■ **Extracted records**
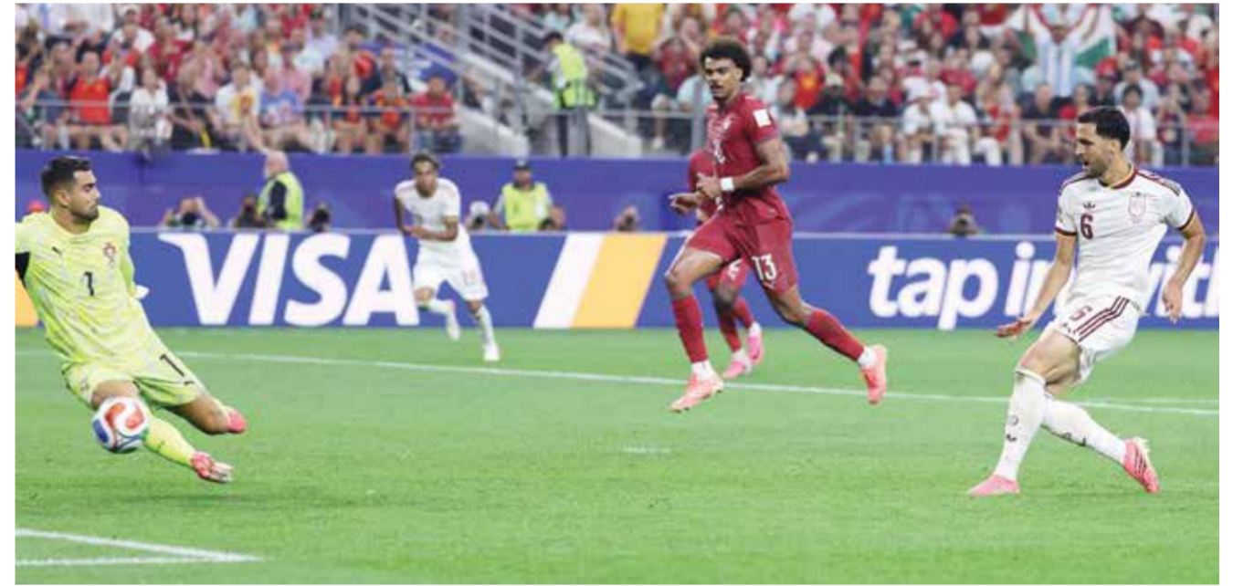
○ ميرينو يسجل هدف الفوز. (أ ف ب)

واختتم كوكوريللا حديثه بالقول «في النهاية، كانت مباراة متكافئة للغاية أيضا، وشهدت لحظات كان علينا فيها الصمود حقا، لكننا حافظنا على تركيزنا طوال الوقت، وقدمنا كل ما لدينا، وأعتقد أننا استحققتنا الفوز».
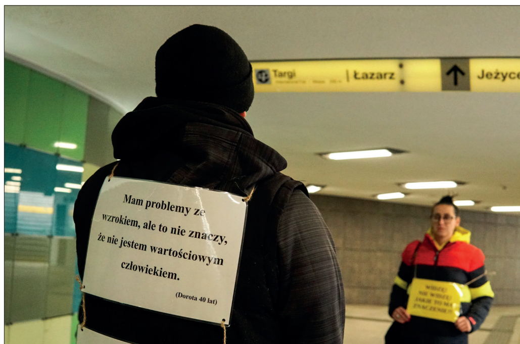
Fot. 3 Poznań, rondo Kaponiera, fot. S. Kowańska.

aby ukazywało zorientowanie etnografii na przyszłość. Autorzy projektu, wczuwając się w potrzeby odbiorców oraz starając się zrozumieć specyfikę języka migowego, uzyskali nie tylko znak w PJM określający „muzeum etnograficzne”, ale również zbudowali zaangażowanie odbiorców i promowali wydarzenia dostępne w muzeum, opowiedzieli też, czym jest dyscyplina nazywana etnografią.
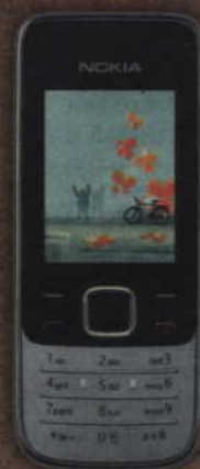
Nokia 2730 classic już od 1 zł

...

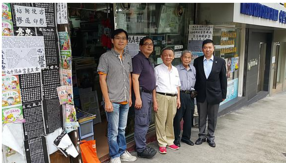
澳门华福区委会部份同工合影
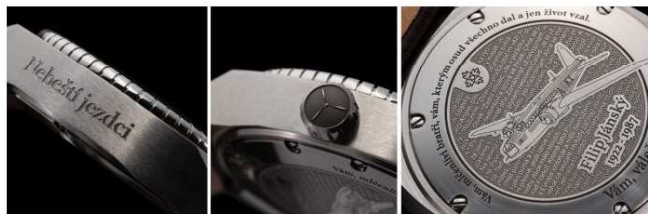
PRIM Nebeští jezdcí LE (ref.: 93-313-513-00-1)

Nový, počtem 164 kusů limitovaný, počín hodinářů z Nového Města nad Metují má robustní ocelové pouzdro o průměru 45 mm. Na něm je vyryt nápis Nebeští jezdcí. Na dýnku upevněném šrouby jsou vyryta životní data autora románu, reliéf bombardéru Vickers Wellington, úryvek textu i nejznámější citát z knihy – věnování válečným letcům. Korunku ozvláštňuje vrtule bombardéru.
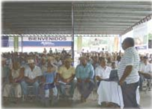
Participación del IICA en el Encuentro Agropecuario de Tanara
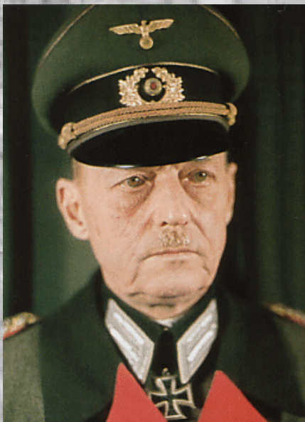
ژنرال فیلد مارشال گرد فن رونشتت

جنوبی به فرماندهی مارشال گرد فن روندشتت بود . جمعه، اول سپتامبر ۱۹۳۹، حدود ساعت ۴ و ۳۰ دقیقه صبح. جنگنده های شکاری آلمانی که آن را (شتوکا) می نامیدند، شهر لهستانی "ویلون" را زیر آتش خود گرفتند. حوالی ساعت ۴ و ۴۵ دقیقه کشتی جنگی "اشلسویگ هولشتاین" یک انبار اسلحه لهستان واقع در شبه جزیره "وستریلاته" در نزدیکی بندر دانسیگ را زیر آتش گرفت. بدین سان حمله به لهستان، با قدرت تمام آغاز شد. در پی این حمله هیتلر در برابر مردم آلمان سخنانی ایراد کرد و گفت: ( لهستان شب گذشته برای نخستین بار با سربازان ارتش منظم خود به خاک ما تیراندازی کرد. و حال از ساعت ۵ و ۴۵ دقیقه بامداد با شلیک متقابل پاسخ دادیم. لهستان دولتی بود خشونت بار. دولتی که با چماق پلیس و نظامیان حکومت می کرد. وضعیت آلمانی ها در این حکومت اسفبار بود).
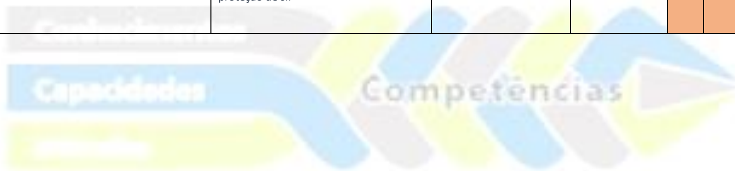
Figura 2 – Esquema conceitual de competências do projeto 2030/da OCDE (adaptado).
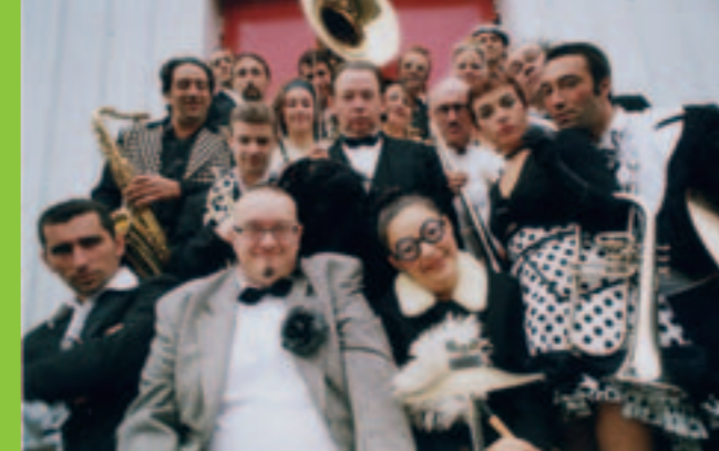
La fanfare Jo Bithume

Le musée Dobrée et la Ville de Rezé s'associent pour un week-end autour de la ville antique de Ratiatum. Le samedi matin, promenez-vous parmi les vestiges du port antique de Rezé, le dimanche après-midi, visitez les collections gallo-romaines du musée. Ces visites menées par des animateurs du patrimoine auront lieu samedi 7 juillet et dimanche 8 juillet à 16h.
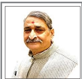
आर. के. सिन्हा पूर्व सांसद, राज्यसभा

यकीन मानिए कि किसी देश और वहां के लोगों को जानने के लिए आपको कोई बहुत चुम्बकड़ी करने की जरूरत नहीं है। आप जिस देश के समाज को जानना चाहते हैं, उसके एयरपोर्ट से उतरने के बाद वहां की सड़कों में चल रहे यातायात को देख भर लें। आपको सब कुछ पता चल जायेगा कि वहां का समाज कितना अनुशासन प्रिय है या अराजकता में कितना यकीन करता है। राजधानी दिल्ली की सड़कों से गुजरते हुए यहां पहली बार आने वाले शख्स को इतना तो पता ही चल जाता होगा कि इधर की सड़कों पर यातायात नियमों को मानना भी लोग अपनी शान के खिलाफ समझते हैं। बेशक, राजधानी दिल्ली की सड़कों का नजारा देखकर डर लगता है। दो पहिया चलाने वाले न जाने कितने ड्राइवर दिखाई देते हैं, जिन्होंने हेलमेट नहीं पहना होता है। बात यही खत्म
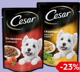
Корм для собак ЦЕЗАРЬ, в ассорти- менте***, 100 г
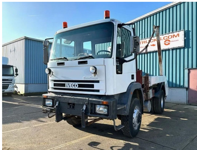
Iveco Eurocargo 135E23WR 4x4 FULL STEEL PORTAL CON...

■ **What to do**
Leaving pictures out, output the lines of the data above from the one with "الفوز. (أ ف ب)" through the one with "Nokia 2730 classic już od 1 zł", word for word.

■ **Answer to this problem**
○ ميرينو يسجل هدف الفوز. (أ ف ب)

واختتم كوكوريللا حديثه بالقول «في النهاية، كانت مباراة متكافئة للغاية أيضا، وشهدت لحظات كان علينا فيها الصمود حقا، لكننا حافظنا على تركيزنا طوال الوقت، وقدمنا كل ما لدينا، وأعتقد أننا استحققتنا الفوز».
Fot. 3 Poznań, rondo Kaponiera, fot. S. Kowańska.

aby ukazywało zorientowanie etnografii na przyszłość. Autorzy projektu, wczuwając się w potrzeby odbiorców oraz starając się zrozumieć specyfikę języka migowego, uzyskali nie tylko znak w PJM określający „muzeum etnograficzne”, ale również zbudowali zaangażowanie odbiorców i promowali wydarzenia dostępne w muzeum, opowiedzieli też, czym jest dyscyplina nazywana etnografią.
Nokia 2730 classic już od 1 zł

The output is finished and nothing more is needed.